Lucinda co-founded and co-leads the consulting group ChangeMakers Partners, providing systems-based consultation to social justice-driven nonprofit and higher education organizations facing challenges to advancing their impact. She serves on the board of Goddard College in Plainfield, Vermont, where she was Academic Dean, Co-Director of the individualized undergraduate program, and a faculty member. She is also a founding board member of Teachers’ House, a non-profit devoted to supporting teachers as a force for social change.
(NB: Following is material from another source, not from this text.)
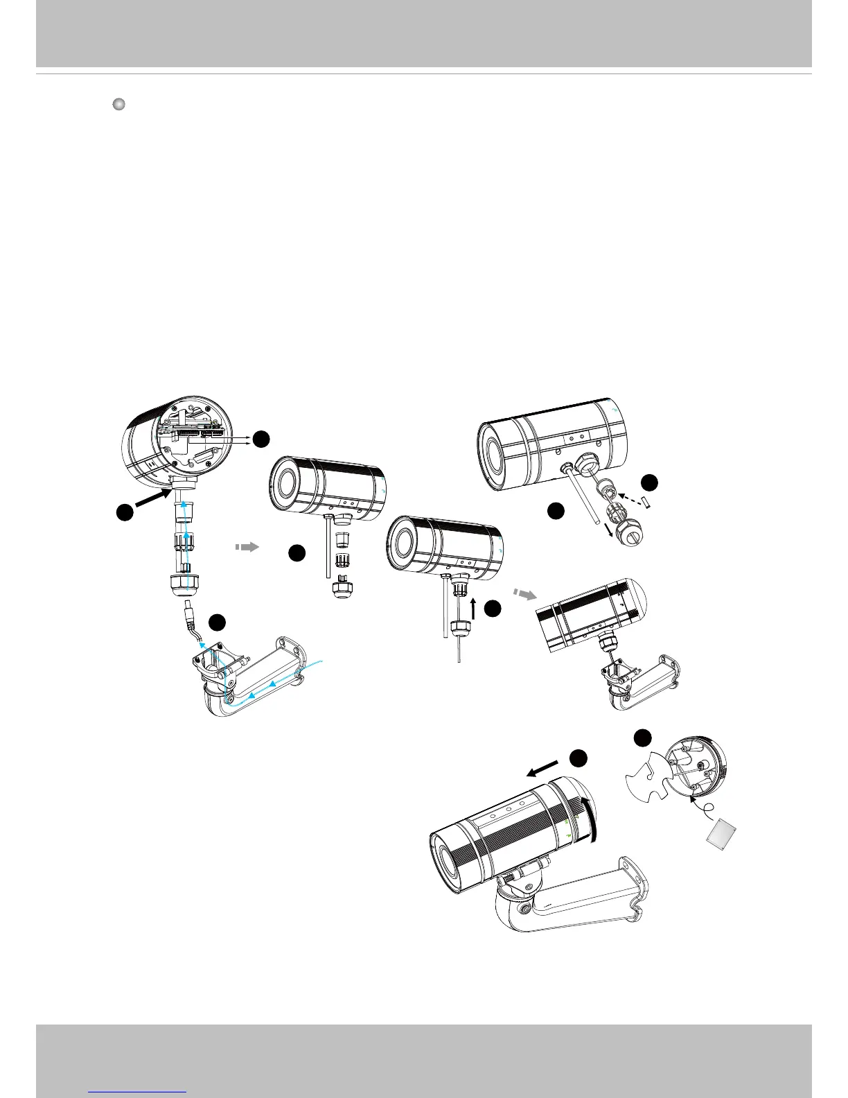 wall mount bracket and the waterproof connector (E --> D --> B --> A) as the illustration

She holds a Doctorate in Leadership for Change from Fielding Graduate University, a Masters in Education from the University of New Hampshire, and an MFA in Creative writing from Goddard College. She is a 2015-2016 Fellow of the Fielding Graduate University Institute for Social Innovation. Her scholarship agenda includes emancipatory systems change, critical management practice, access and change in higher education, and non-violent social change.
Current research areas:
Non-violent resistence to fear-based social change.
Recent scholarly activity:
Personal practices for emancipatory organizational change.
Applications of systems theory have been long understood to be effective in the interest of organizational change (e.g., Argyris & Schon, 1978), but systems interventions are largely inaccessible to people without the power or resources to facilitate them. Moreover, systems interventions are not always dedicated to emancipatory change—change that promotes flourishing for people in the system, and for people, communities,- and ecologies affected by the system. The literatures of applied systems thinking (e.g., Senge, 2006); critical systems thinking (Flood, 1999); collective wisdom (e.g., Briskin, Erickson, Ott, & Callanan, 2009); complexity theory (e.g., Stacey, 2003); critical race theory (e.g., Delgado & Stefancic, 2001); presencing (e.g., Scharmer, 2009); and nonviolence (e.g., Kurlansky, 2006) imply the possibility that personal practices can promote emancipatory systems change. This study explored the questions: Is it possible for personal practices to support emancipatory systems change or perturb a system to emancipatory change? If so, what are those practices? I applied a phenomenological approach to interpret transcripts from conversations with 30 participants with varied experiences across sectors and types of organizations. Based on those findings, I suggest that intentional personal practices can perturb a system in the direction of emancipatory change, even in the face of resistance to such change.
Garthwaite, L.J. (2016) “Feeding the Beast”. Counterpunch Magazine. February 4, 2016. http://www.counterpunch.org/2016/02/04/feeding-the-beast/
Garthwaite, L.J. (2015) Moodle Seminar: Critical approaches to qualitative research. Fielding Graduate University Rocky Mountain Virtual Research Retreat
Garthwaite, L. J. (October 2015). Personal pactices for emancipatory systems change. In K. Tiner (Ed.), Leadership in social justice (Vol. 5). Santa Barbara, CA.: Fielding University Press.
Garthwaite, L.J. & D. Sewell. (2015) CMP Blog at http://www.changemakerspartners.org/new-blog/
Currently developing a proposal to investigate the phenomenon of effective non-violent resistence to fear-based social change.